Королёв - Страница 34
К. не вытерпел:
— Отдайте мне мои документы, я пешком пойду… Дойду до трассы, там кто-нибудь подберет…
— Куда ты по такому морозу пойдешь! — один из Вольняшек рассмеялся. — До трассы еще кило́метров пятнадцать, не меньше…
— Отдай документы, начальник, — попросил К. — Я дойду.
Меня вновь охватил тошнотворный, скользкий ужас. Теперь я уже не того боялся, что К. попадет на пароход, дело совсем в другом: пятнадцать ваших километров — путь несложный для сойки, для филина или для здорового человека летом по гладкому асфальту, но эти пятнадцать километров глухой тайги — ночью, в мороз, от которого маленькие птицы умирают на лету, — намеревался преодолеть человек, который от двери барака до своих нар не мог дойти, не сделав передышки!
— Еще чего, — сказал злой Вольняшка. — Ты убежишь, сволочь.
— Я не убегу. Мне надо успеть на пароход. Спичек только дайте мне, пожалуйста…
— В тайгу уйдет, — сказал злой, — или свернет с трассы, и там — поминай как звали.
Вольняшки заспорили промеж собою так, словно К. и не было рядом.
— Что он, псих — в тайгу уходить? Его в Москву отправили…
— Не дойдет он до трассы. Подохнет.
— Пускай идет… Не попадет он вовремя на материк — с нас же потом спросят…
— Спичек, еще чего!
— Да мы сами его нагоним, когда починимся…
Но злой Вольняшка все равно не хотел отпускать К., и я молил всех богов за здоровье этого доброго человека.
— Он все одно вот-вот подохнет!
— Вот и пусть лучше дохнет здесь, под присмотром.
— Ну, тогда и сиди, карауль его всю ночь, ежели ты такой умный…
Бестолковая непоследовательность людей всегда меня убивала: злой Вольняшка сказал вдруг, обращаясь к К.:
— Черт с тобой, иди…
А другой — добрый — тайком сунул в руки К. коробочку спичек.
И я завыл от отчаяния, ведь у меня больше не осталось ни капельки сил, чтобы заставить сопровождающих или самого К. переменить решение, а только чтоб самому живым вернуться домой.

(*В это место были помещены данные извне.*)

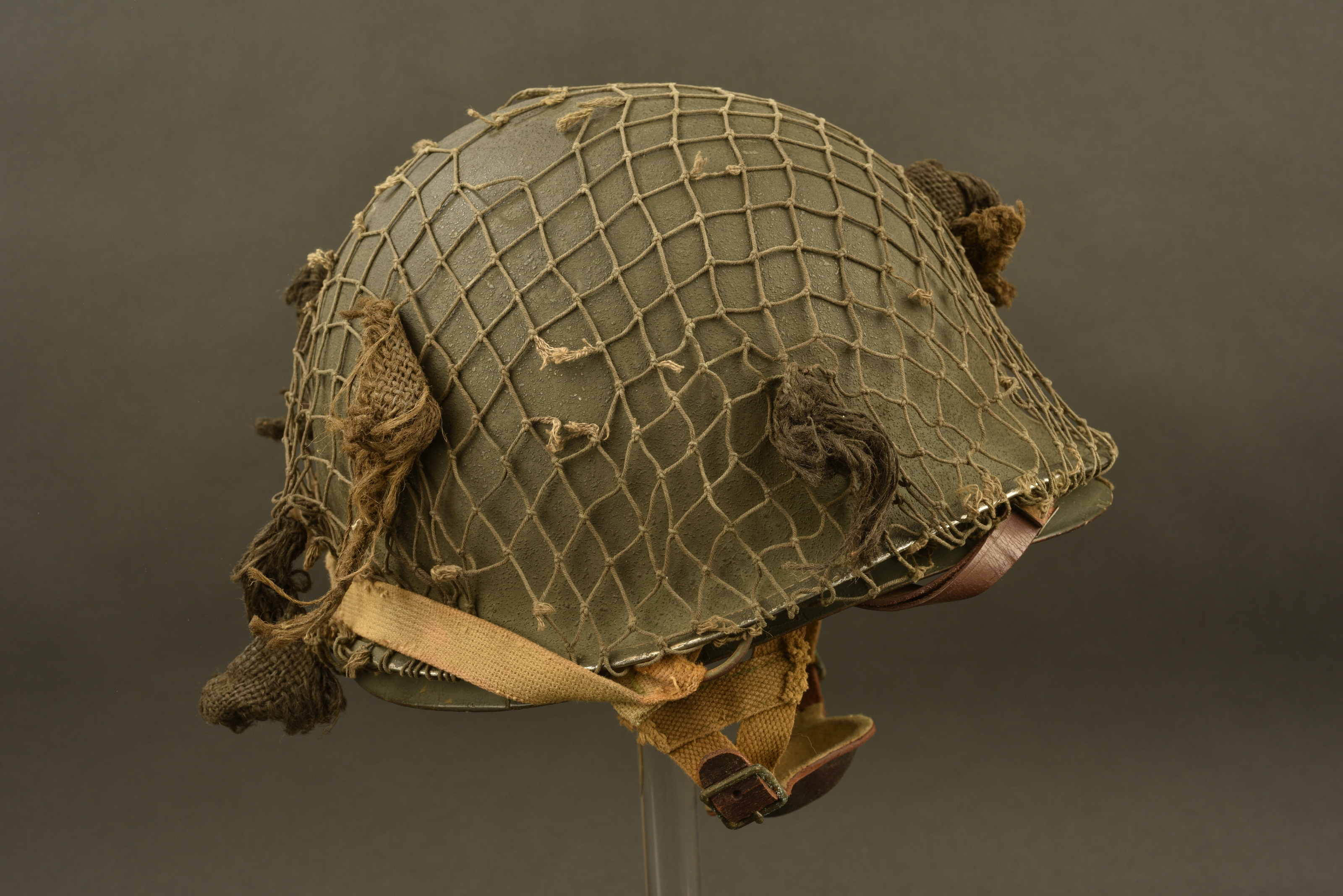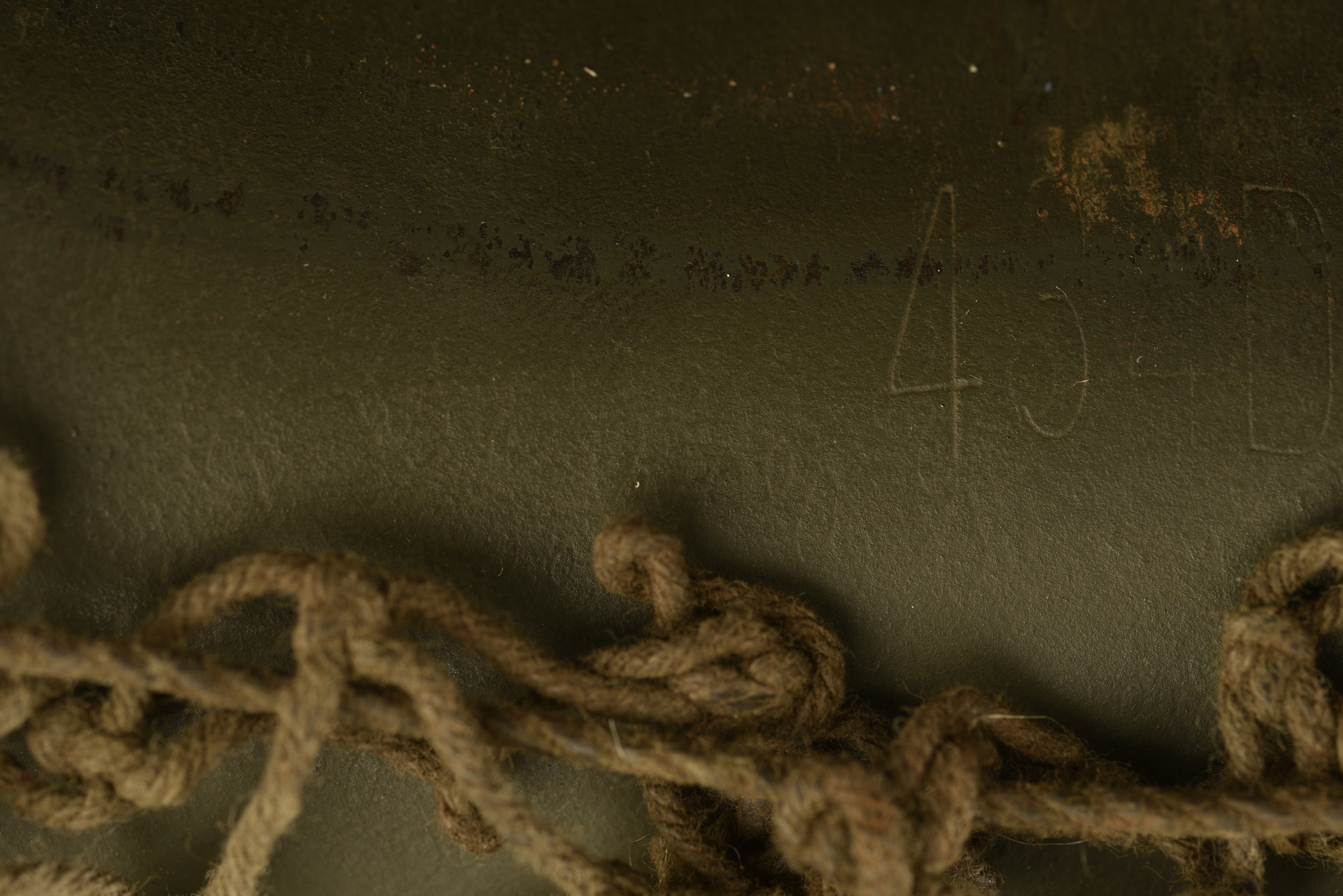 Coque de casque USM2, fermeture du jonc à l’avant, pontets demi-lune, jugulaires présentes. Numéro de lot 434 correspondant à une fabrication de février 1943. Peinture refaite, filet de... en savoir plus
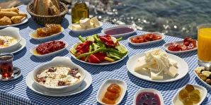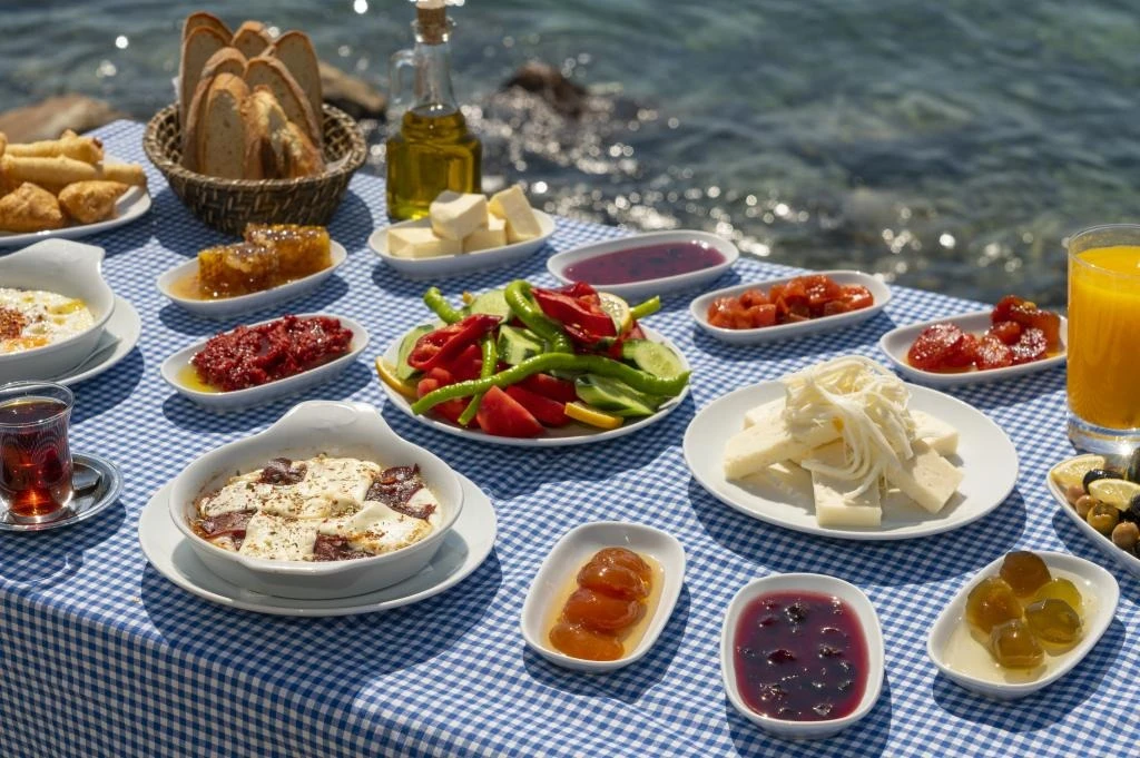 Kahvaltılar, denize sıfır Vasilaki Restoran'da veriliyor.
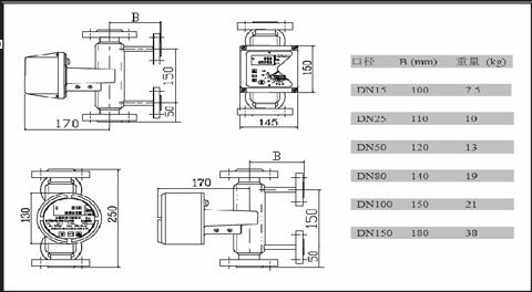 DYFT4螺紋下進(jìn)上出型外形尺寸及重量

Люди боятся тайги, но тайга может быть милосердней к человеку, чем другой человек: будь К. здоров и силен, он, я думаю, смог бы дойти до трассы или уж, по крайней мере, дождаться, пока грузовик починится и догонит его. Ветви стланика дали б ему постель и топливо для костра, растопленный снег напоил его кипятком, прячущиеся в снегу ягоды шиповника и брусники позволили чуть-чуть утолить голод, филин зеленым светом глаз указал ему путь. Но он был измучен, смертельно болен и целый день провел в холодном кузове машины, а доброта сопровождавших его людей не простиралась так далеко, чтобы дать ему хлеба, и каждый шаг давался ему так тяжело, что, не пройдя и пяти минут, он останавливался, привалившись к стволу кедра и держась за сердце.
(«Папа, где папа?» — «Сейчас-сейчас, я не хочу его будить». — «Вот Сережа Королев: делать ласточку готов он хоть каждую минуту, и, подобно парашюту, через стол его несет, он летает, как пилот…» — «И тогда Чингачгук — Большой Змей сказал Ункасу…»)
Отдышавшись, он брел дальше, но огромные вывороченные корни лиственниц цеплялись за его ноги. Он спотыкался и падал, и у него не было сил подняться.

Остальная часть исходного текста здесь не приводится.